7. Era LLM — BERT, GPT, T5

Model	Tahun	Arsitektur	Fokus
BERT (Google)	2018	Encoder-only	Understanding (klasifikasi, QA)
GPT-2 (OpenAI)	2019	Decoder-only	Generation
T5 (Google)	2019	Encoder-Decoder	Text-to-text universal
GPT-3	2020	Decoder, 175B	Few-shot learning
ChatGPT/GPT-4	2022/23	RLHF on top	Conversational
Claude, Llama, Gemini	2023+	Various decoder	State-of-the-art

8. Studi Kasus

🌟 Real World

Google Search & BERT (2019)

Saat Google deploy BERT ke search engine 2019, mereka tunjukkan contoh: query "can you get medicine for someone pharmacy". Pre-BERT, Google fokus pada keyword "medicine, pharmacy". Post-BERT, Google paham konteks "for someone" — pertanyaan tentang pickup obat untuk orang lain.
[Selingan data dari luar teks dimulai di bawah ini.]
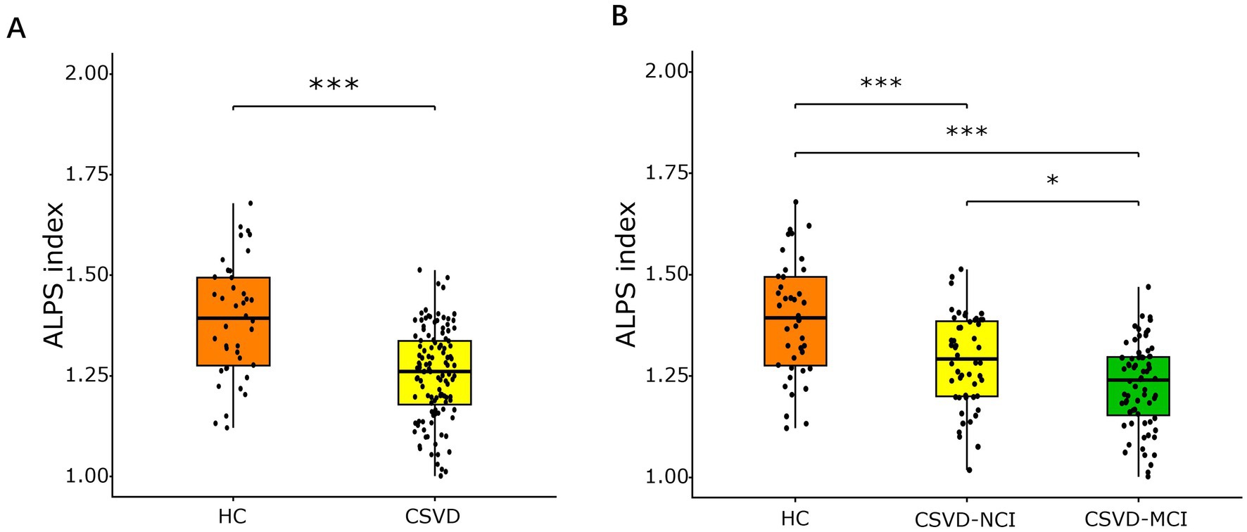 Box plots comparing ALPS index across different groups. Panel A shows a higher ALPS index in HC (orange) compared to CSVD (yellow), with significant difference marked by three stars. Panel B includes HC, CSVD-NCI (yellow), and CSVD-MCI (green), showing significant differences among all groups.
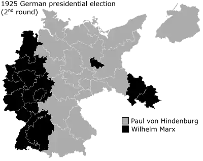 Presidential elections were held in Germany on 29 March 1925, with a runoff on 26 April.[1] They were the first direct elections to the office of President of the Reich (Reichspräsident), Germany's head of state during the 1919–33 Weimar Republic.[2] The first President, Friedrich Ebert, who had died on 28 February 1925, had been elected indirectly, by the National Assembly, but the Weimar Constitution required that his successor be elected by the "whole German people". Paul von Hindenburg was elected as the second president of Germany in the second round of voting.
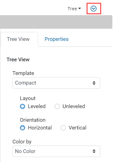 The TREE view contains a second options menu, available under the chevron icon.
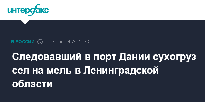 Следовавший в порт Дании сухогруз сел на мель в Ленинградской области
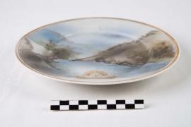 เครื่องใช้ในเรือพระที่นั่งมหาจักรี ผลิตในประเทศอังกฤษ จุดเด่นของวัตถุคือ มีภาพเขียนสีทิวทัศน์
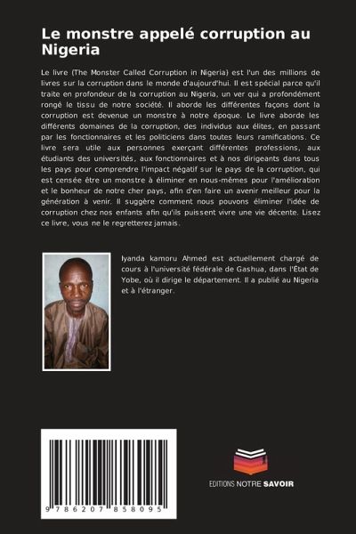 Le livre (The Monster Called Corruption in Nigeria) est l'un des millions de livres sur la corruption dans le monde d'aujourd'hui. Il est spécial parce qu'il traite en profondeur de la corruption au Nigeria, un ver qui a profondément rongé le tissu de notre société. Il aborde les différentes façons dont la corruption est devenue un monstre à notre époque. Le livre aborde les différents domaines de la corruption, des individus aux élites, en passant par les fonctionnaires et les politiciens dans toutes leurs ramifications. Ce livre sera utile aux personnes exerçant différentes professions, aux étudiants des universités, aux fonctionnaires et à nos dirigeants dans tous les pays pour comprendre l'impact négatif sur le pays de la corruption, qui est censée être un monstre à éliminer en nous-mêmes pour l'amélioration et le bonheur de notre cher pays, afin d'en faire un avenir meilleur pour la génération à venir. Il suggère comment nous pouvons éliminer l'idée de corruption chez nos enfants afin qu'ils puissent vivre une vie décente. Lisez ce livre, vous ne le regretterez jamais.
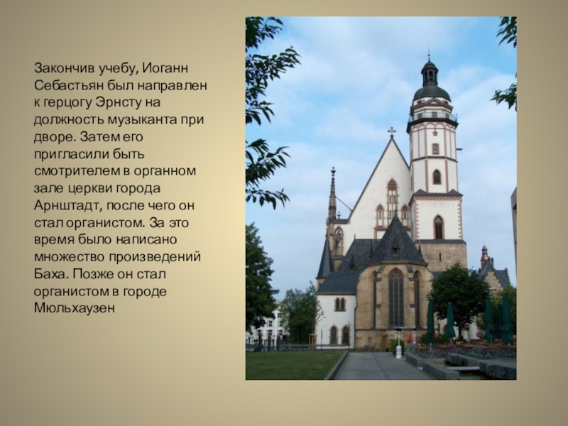 музыканта при дворе. Затем его пригласили быть смотрителем в органном зале церкви города Арнштадт, после чего он стал органистом. За это время было написано множество произведений Баха. Позже он стал органистом в городе Мюльхаузен

Pelajaran: Transformer mengubah semantic understanding fundamental. 10% query Google diuntungkan dari BERT, salah satu update terbesar dalam sejarah search engine.

📝 Tugas

Build Sentiment Classifier

Pakai Hugging Face Transformers di Colab.
Load pretrained model (DistilBERT atau IndoBERT).
Fine-tune di dataset sentiment Indonesia (mis. Twitter Indonesia).
Bandingkan dengan baseline LSTM dan TF-IDF + Logistic Regression.
Test inference: tulis 5 kalimat custom, lihat prediksi sentiment.

Rangkuman

NLP butuh handle ambiguity, sequence, context.
RNN bisa proses sequence tapi vanishing gradient problem.
LSTM solve vanishing dengan gates + cell state.
Attention mechanism: biarkan model "perhatikan" bagian input yang relevan.
Transformer (2017) buang recurrence — pure attention. Fondasi semua LLM modern.
BERT, GPT, T5 — variants Transformer dengan fokus berbeda.